Someone should tell the MTA that not all contract negotiations have to get serious after a contract has expired. Sometimes, they can wrap the whole thing up months before—and they can even include good news for employees. Take hotel workers, for instance. If their new contract is ratified on Monday (months before the old one ends) not only will workers start making more, but some of them will be getting outfitted with personal panic buttons—to try and prevent DSK 2: The Wrath Of Kahn, naturally.
Of course, nobody is willing to say on the record that the provision, which will equip certain employees with "devices to be carried on their persons at work that they can quickly and easily activate to effectively summon prompt assistance to their location," is in response to DSK—but let's call a spade a spade. The panic buttons should start showing up in the next year and will go to "housekeepers, room-service waiters and even the attendants who stock the minibars." Their main function will be to call for help.
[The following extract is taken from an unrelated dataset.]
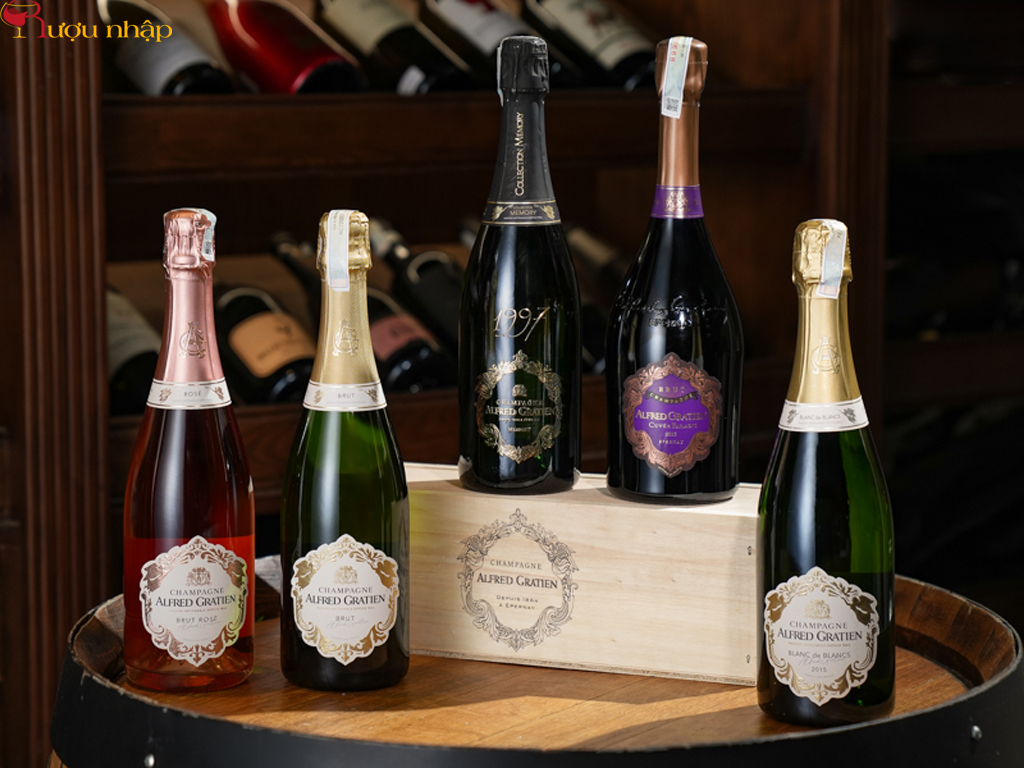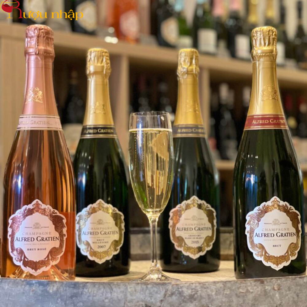 Champagne Alfred Gratien Brut là một dòng rượu vang sủi bọt tinh tế đến từ vùng Champagne, Pháp, được sản xuất theo phong cách thủ công truyền thống. Rượu được phối trộn hài hòa từ ba giống nho đặc trưng của vùng: Chardonnay, Pinot Noir và Pinot Meunier, mang đến hương vị cân bằng, thanh lịch và đầy phức hợp.
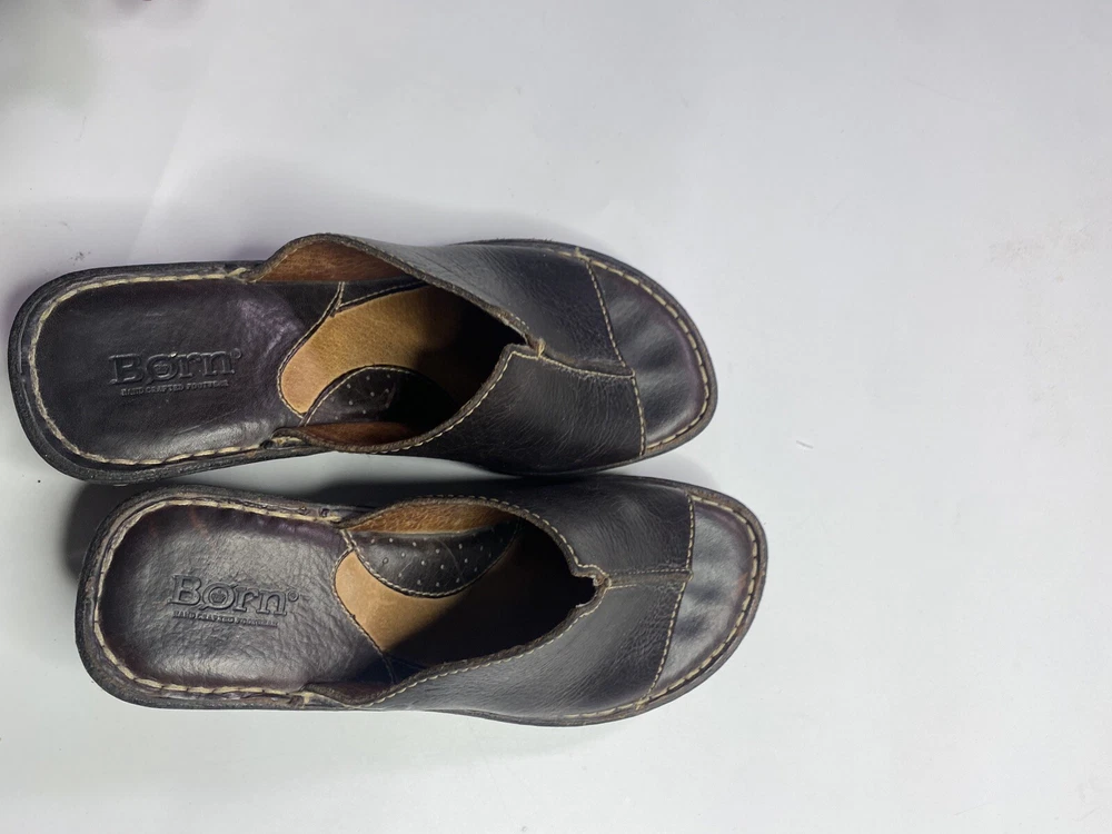 Born Women's Mule Size 7 EU 38 Clog Low Wedge Slip On Shoe Brown Leather Hippie. Condition is Pre-owned. Shipped with USPS Ground Advantage.

And panic buttons aren't the only positive things for hotel workers in the new contract! They also are going to get raises. A typical housekeeper, according to the hotel union, currently makes $46,337 today. In the future that should go up to $59,823. The workers are also getting to keep their insurance and will see hotel owners "gradually increase their contributions to the members’ pensions to 10.5 percent of total payroll, from 9 percent."
So how are hotel workers here able to get raises when the rest of America isn't? Its all about the tourists, baby! Last year New York had a record 50+ million tourists and those people had to stay somewhere. As Peter Ward, of the hotel union, puts it, our "hotel industry is in a unique bubble in New York City." And until the bubble pops, it's nice to see the workers get a bit more of the spoils.